It will generate and solve the 17 EP5 algorithms (16+solved) without a hitch. This wouldn't have worked on the previous version.



Spoiler: just FYI



This input file won't work for most COLLs because it uses CMLL.txt as an alg source for convenience.





RazarTuk said:


> Is it possible to specify half turns in a custom method?

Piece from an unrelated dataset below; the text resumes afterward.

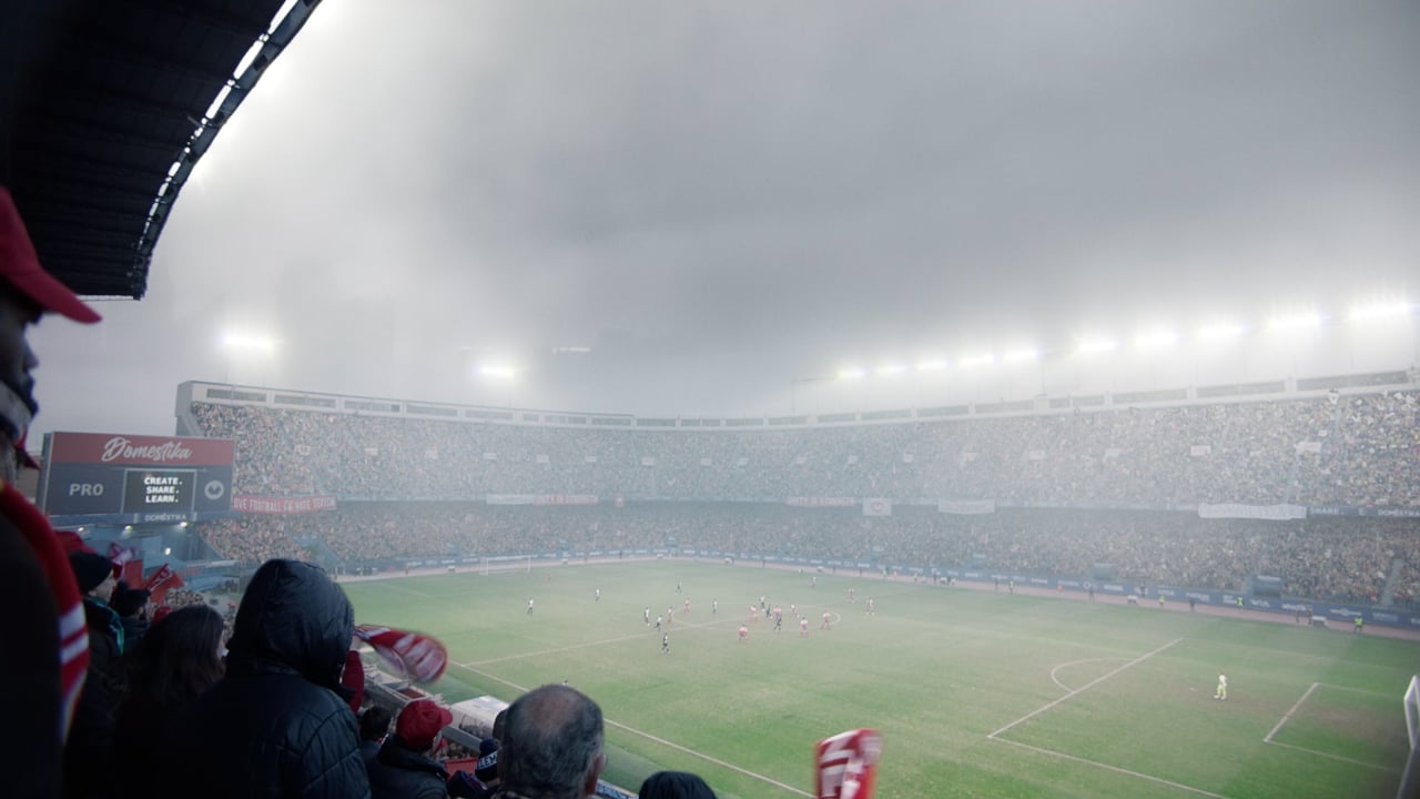 Here is my integration of the crowd elements and cleanup of the main sign on the left and the upper grand stand signage.

I want to test a method for move count, but it involves passing through Thistlethwaite's G2, which is {L2, R2, F2, B2, U, D} as a generator.



Now it does.


----------



## AtlasTheGarbage (Dec 9, 2018)

You could also go a step further and allow the ability to have a move set that only does quarter turns with something like <M1U> where M can only be a quarter turn.

Furthermore, you could also go another step further and allow a move set that restricts it to just prime moves or just forward moves.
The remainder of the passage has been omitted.